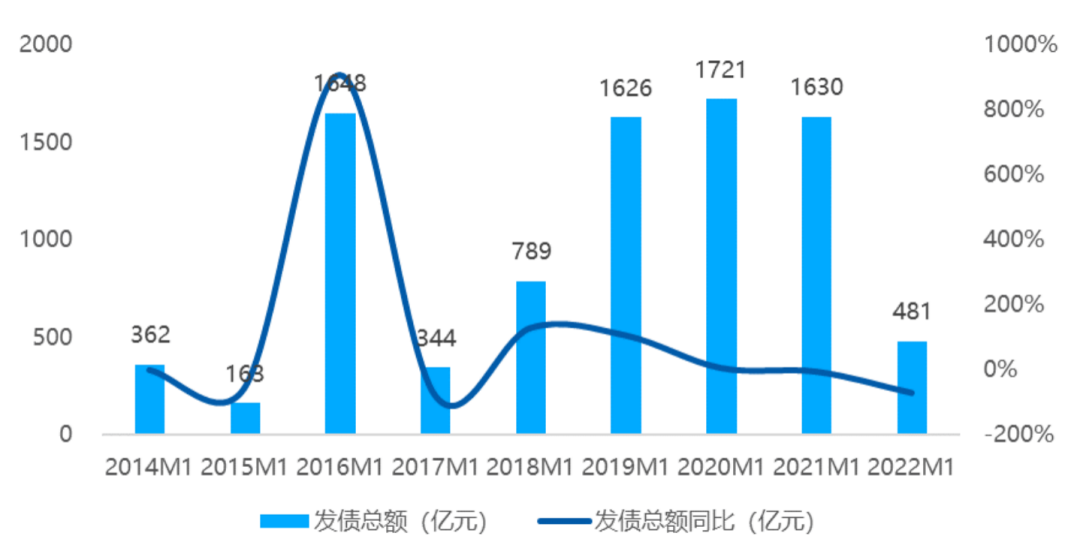 2014年1月至2022年1月房企债券融资规模
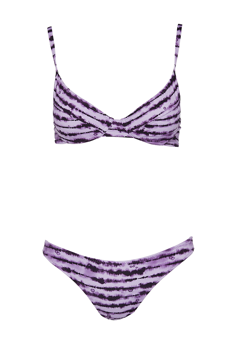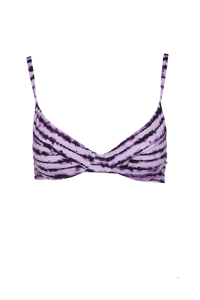 The MADY top is perfect for those who prefer more structured swimwear. It features underwired cups for a firm hold. Fully lined and proudly made in Greece with our Lilac tie dye printed on our earth – friendly fabric.
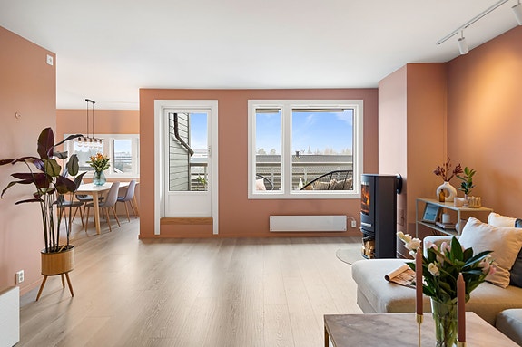 Leiligheten har romslig planløsning, og en sosial, delvis åpen løsning mellom stue og kjøkken. Badet ble rehabilitert i 2016. Kjøkkenet har de fleste hvitevarer integrert, nytt gulv og waterguard i 2022. I boligen er det 3 gode soverom og en flislagt entré med gulvvarme. Det er mulighet for skyvedørsgarderobe i entreen, rikelig med skap på soverommet og lagringsplass i ekstern bod.
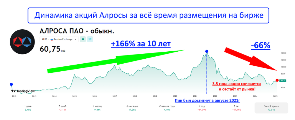 До середины 2021г акции Алросы имели восходящий долгосрочный тренд, выросли за 10 лет на 166%, но затем ситуация поменялась и сейчас акции находятся в просадке уже больше 4х лет, подешевев за это время почти в 3 раза (со 145р на максимуме до 48р).
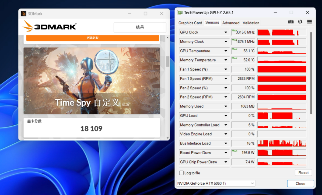 我们对RTX 5060 Ti小雕进行考机,可以看到室温26℃、默认功率和风扇转速设置下,整卡功率为180W,GPU温度最高仅为60.7℃。显存最高仅为54℃,显卡搭载的三风扇风之力散热系统确实相当给力。然后我们尝试进行超频,显卡的功率上限可以上调20%,手动把GPU频率拉到3100MHz,显存拉到30Gbps,此时在测试中的GPU极限频率高达3315MHz,TimeSpy GPU得分高达18109分,相对默认频率下的16816分大约提升了8%,甚至和RTX 4070的18163分相比差距也很小了。由此可见,得益于出色的电气性能和散热设计,RTX 5060 Ti小雕完全可以通过简单的超频获得高出一个档次的性能。
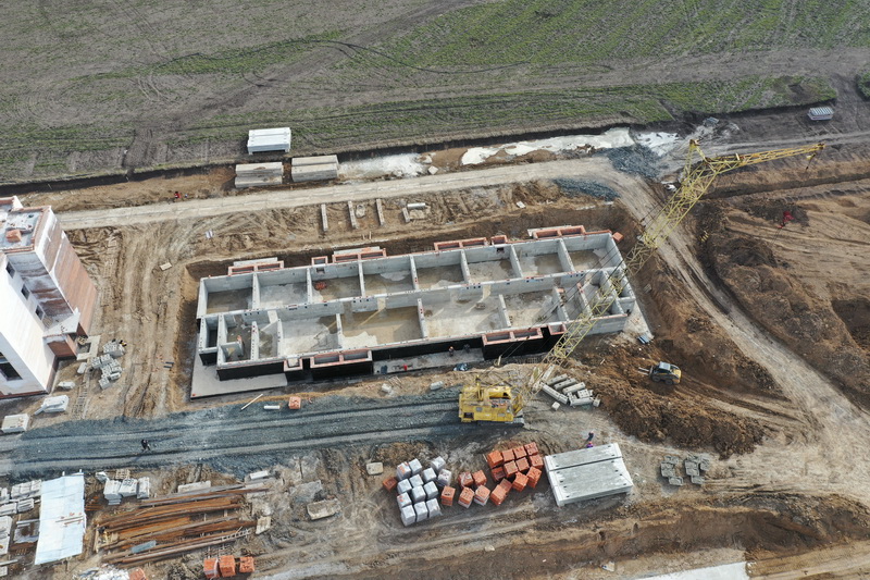 Третий дом - закончен монтаж цокольного этажа, идет засыпка фундаментных плит и строители приступают к кирпичной кладке 1 этажа.
_ _ _ _ _ _ _
# PROBLEM DETAILS
When you transcribe the entries above, begin at their first line, end with the line containing "До середины 2021г", and copy each line exactly without any picture.

# EXERCISE RESPONSE
 2014年1月至2022年1月房企债券融资规模
 The MADY top is perfect for those who prefer more structured swimwear. It features underwired cups for a firm hold. Fully lined and proudly made in Greece with our Lilac tie dye printed on our earth – friendly fabric.
 Leiligheten har romslig planløsning, og en sosial, delvis åpen løsning mellom stue og kjøkken. Badet ble rehabilitert i 2016. Kjøkkenet har de fleste hvitevarer integrert, nytt gulv og waterguard i 2022. I boligen er det 3 gode soverom og en flislagt entré med gulvvarme. Det er mulighet for skyvedørsgarderobe i entreen, rikelig med skap på soverommet og lagringsplass i ekstern bod.
 До середины 2021г акции Алросы имели восходящий долгосрочный тренд, выросли за 10 лет на 166%, но затем ситуация поменялась и сейчас акции находятся в просадке уже больше 4х лет, подешевев за это время почти в 3 раза (со 145р на максимуме до 48р).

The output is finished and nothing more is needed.